There are also internal post types you rarely interact with directly: custom_css (stores Customizer CSS) and customize_changeset (stores Customizer draft changes).

The real power comes from custom post types. WordPress lets developers register entirely new content types using register_post_type(). Common examples include:

  • Products — WooCommerce registers a product post type
  • Portfolio — Showcase projects separate from blog posts
  • Testimonials — Client reviews managed as structured content
  • Events — Calendar entries with dates and locations
  • Properties — Real estate listings with custom fields

Each custom post type can have its own taxonomies, templates, and admin interface — making WordPress flexible enough to handle virtually any kind of content, not just blog posts and pages.

Post Types in Practice

Understanding post types changes how you think about WordPress. A "post" is not just a blog article — it is any piece of content stored in the wp_posts table. When a plugin adds "Portfolio" or "Testimonials" to your admin sidebar, it has registered a custom post type. When a theme displays products in a grid, it is querying the product post type.

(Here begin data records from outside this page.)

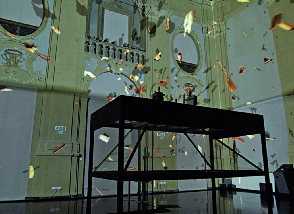 «Nel blocco centrale è stata posizionata una struttura con una base di 4×2 metri, alta 3, dove sono stati installati 3 proiettori: per generare l’effetto 3D nelle varie posizioni (centrale, laterale, destra e sinistra) proiettano le immagini su una pellicola, attraverso uno schermo semitrasparente. Pertanto – prosegue Magagna – l’immagine del videoproiettore che esce è un’immagine monodimensionale che prende profondità attraverso la pellicola. In occasione dell’inaugurazione, mantenuti anche per alcune sessioni successive, sono stati utilizzati ulteriori 2 videoproiettori da 15 mila Lumen, che puntavano dritto al soffitto»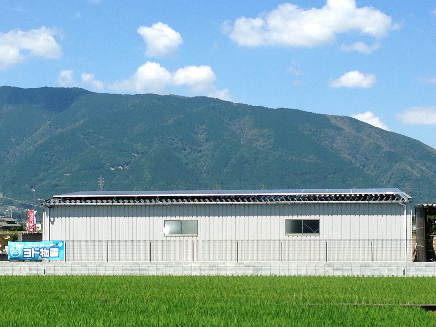 弊社の展示場にヨド倉庫を建て、その上には環境に優しく売電収入も得られるシャープ太陽光を設置しました。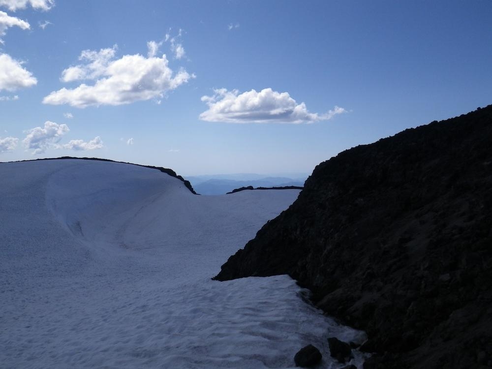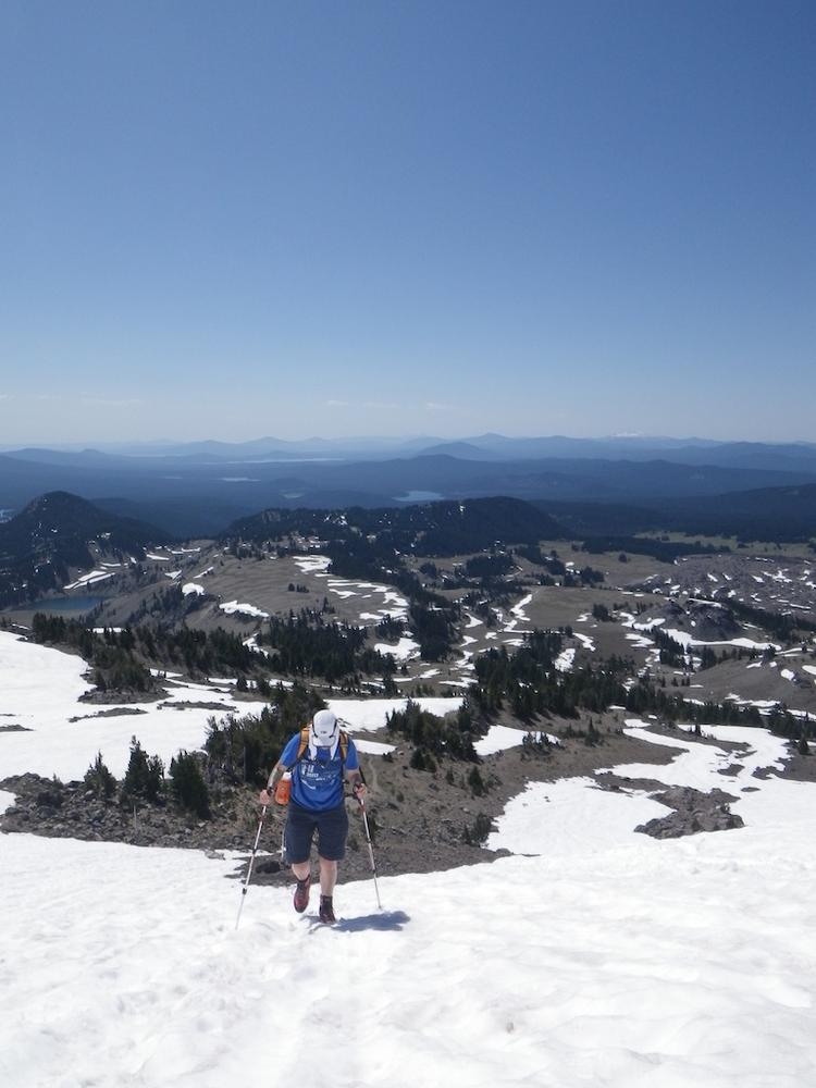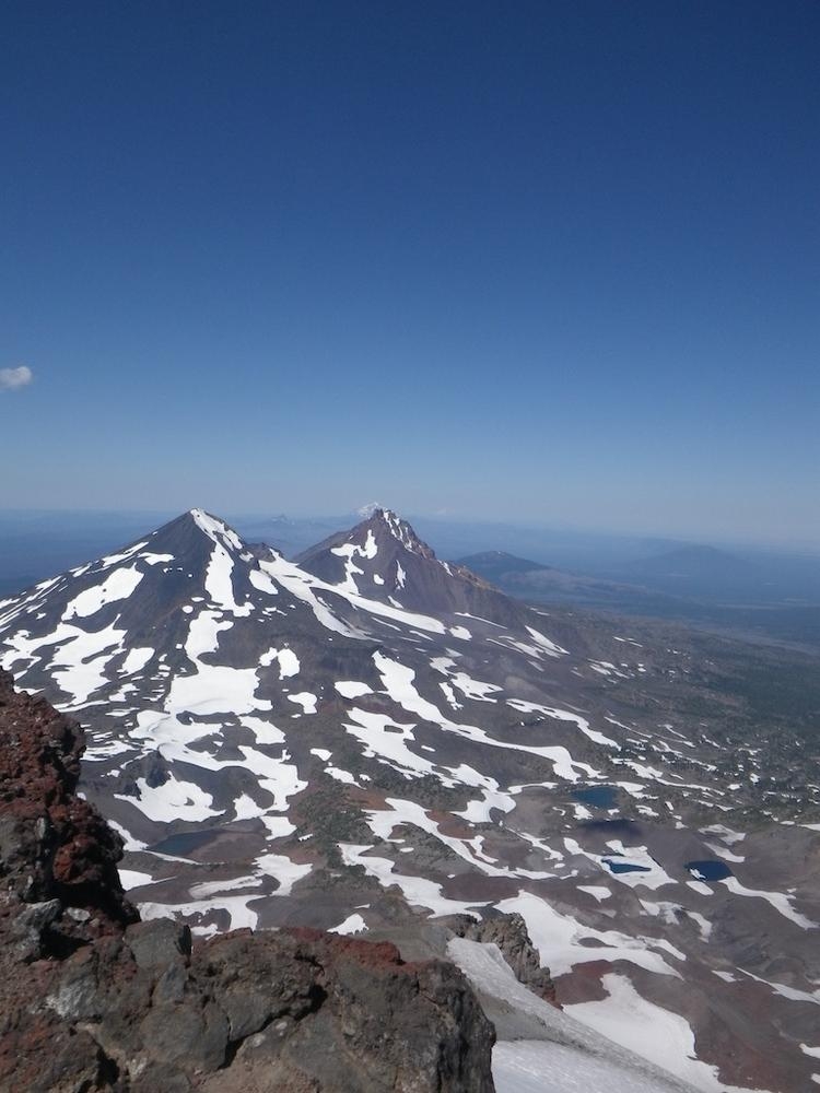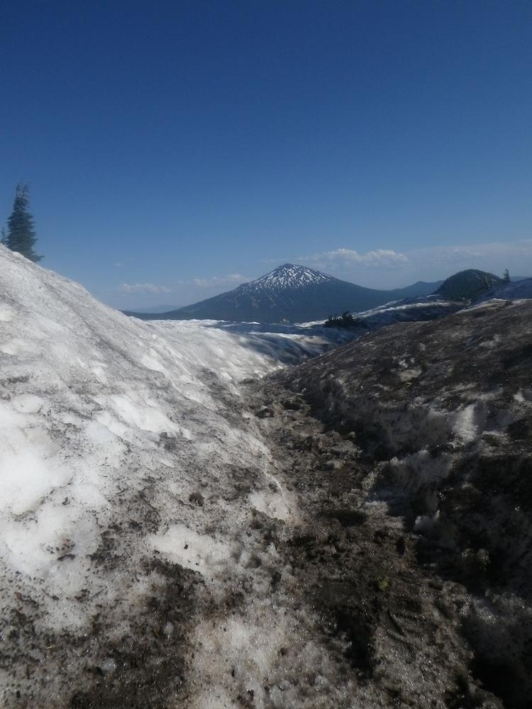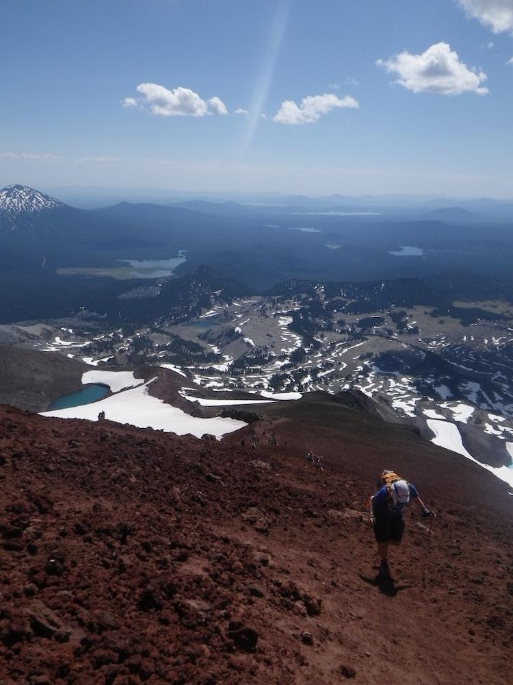 Ingrid and I went over to Bend for the weekend to get up South Sister. We got a mellow alpine start, meaning getting to the trailhead at 9:30 along with a hundred other people. I was surprised by the utter lack of snow on the South side. Pictures from a few weeks ago showed snow all the way up, but now there was a faint line of the trail all the way to the summit.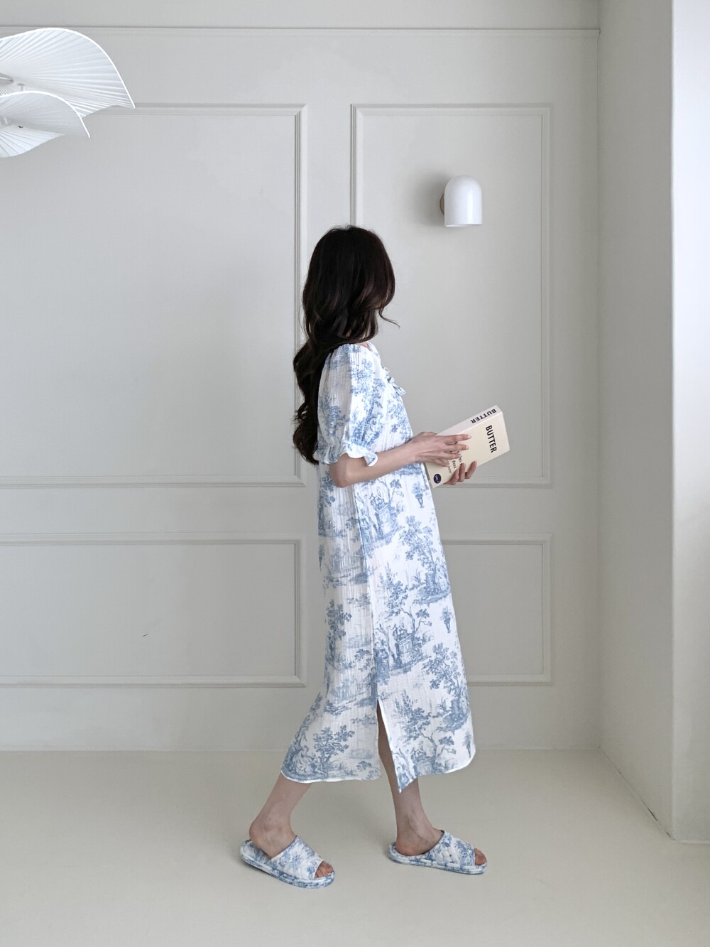 잔잔한 주름감이 살아있는 요루(주름) 코튼 원단으로 제작되어 가볍고 드라이한 터치감을 느낄 수 있습니다.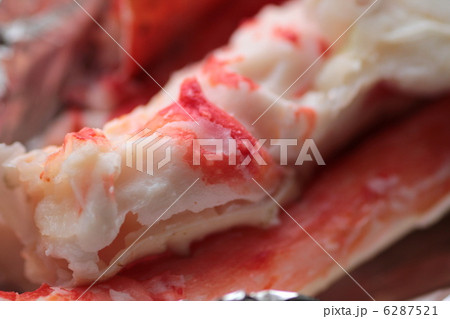 解凍中の塩茹でタラバガニの足 冷凍で直送されたカニ
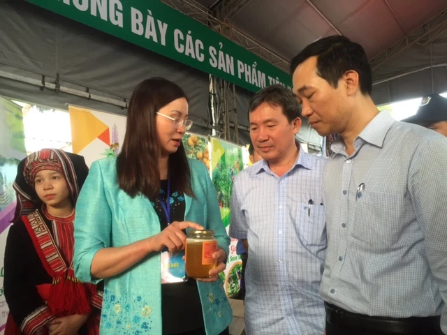 Phó Giám đốc Sở Công Thương TP.HCM Nguyễn Phương Đông (giữa) tham quan gian hàng đặc sản Hà Giang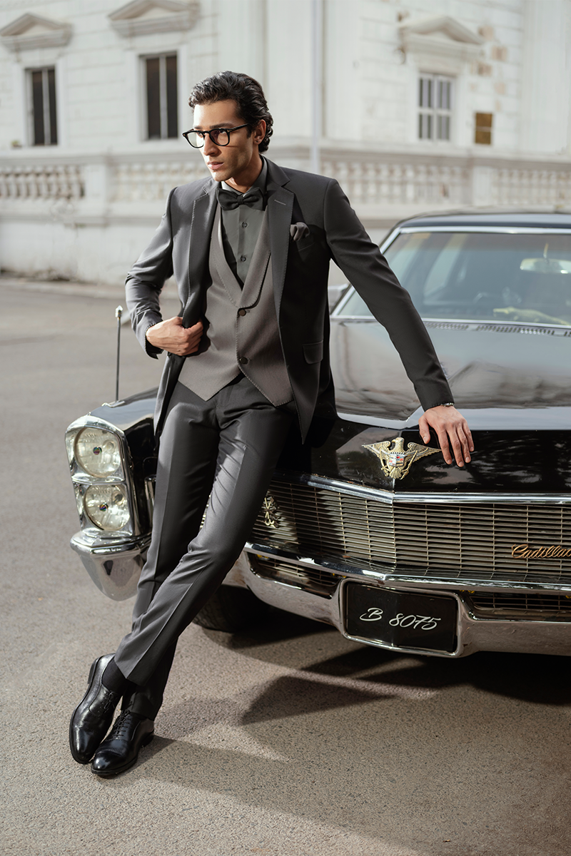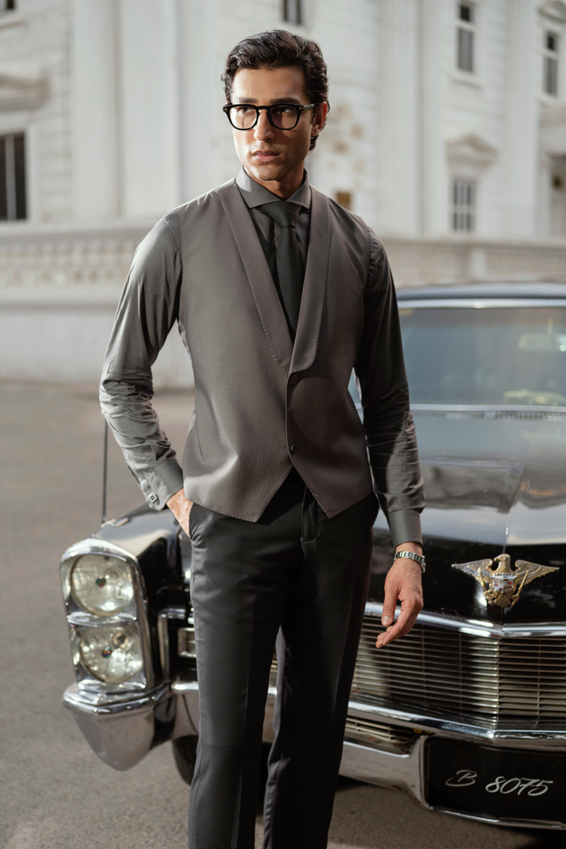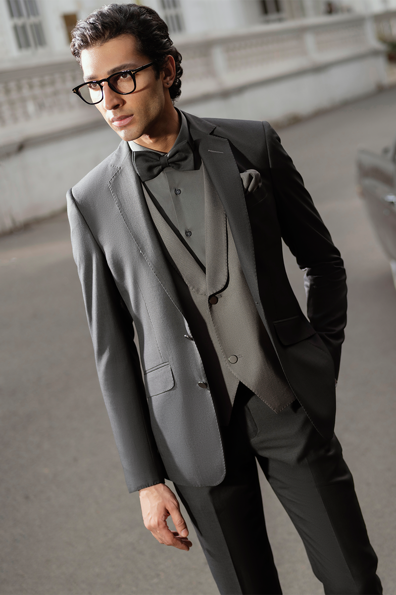 The trousers follow with a slim-fit silhouette, shaped in the same fabric and hue, featuring cross pockets and a standard waistband that sharpens the overall proportion. Completing the trio, the waistcoat contrasts in dotted wool, presenting a single-breasted front with two buttons, a smooth shawl lapel, and a W-bottom cut that lends a striking finish.

You can check what post types are registered on your site using WP-CLI: wp post-type list shows every registered post type with its label, public status, and whether it is built-in or custom.

Why It Matters

Post types are the backbone of WordPress's content architecture. Every piece of content — blog posts, pages, media, menus, WooCommerce products — is a post type. Understanding this system helps you choose the right plugins, structure your site logically, and build custom solutions when the defaults are not enough.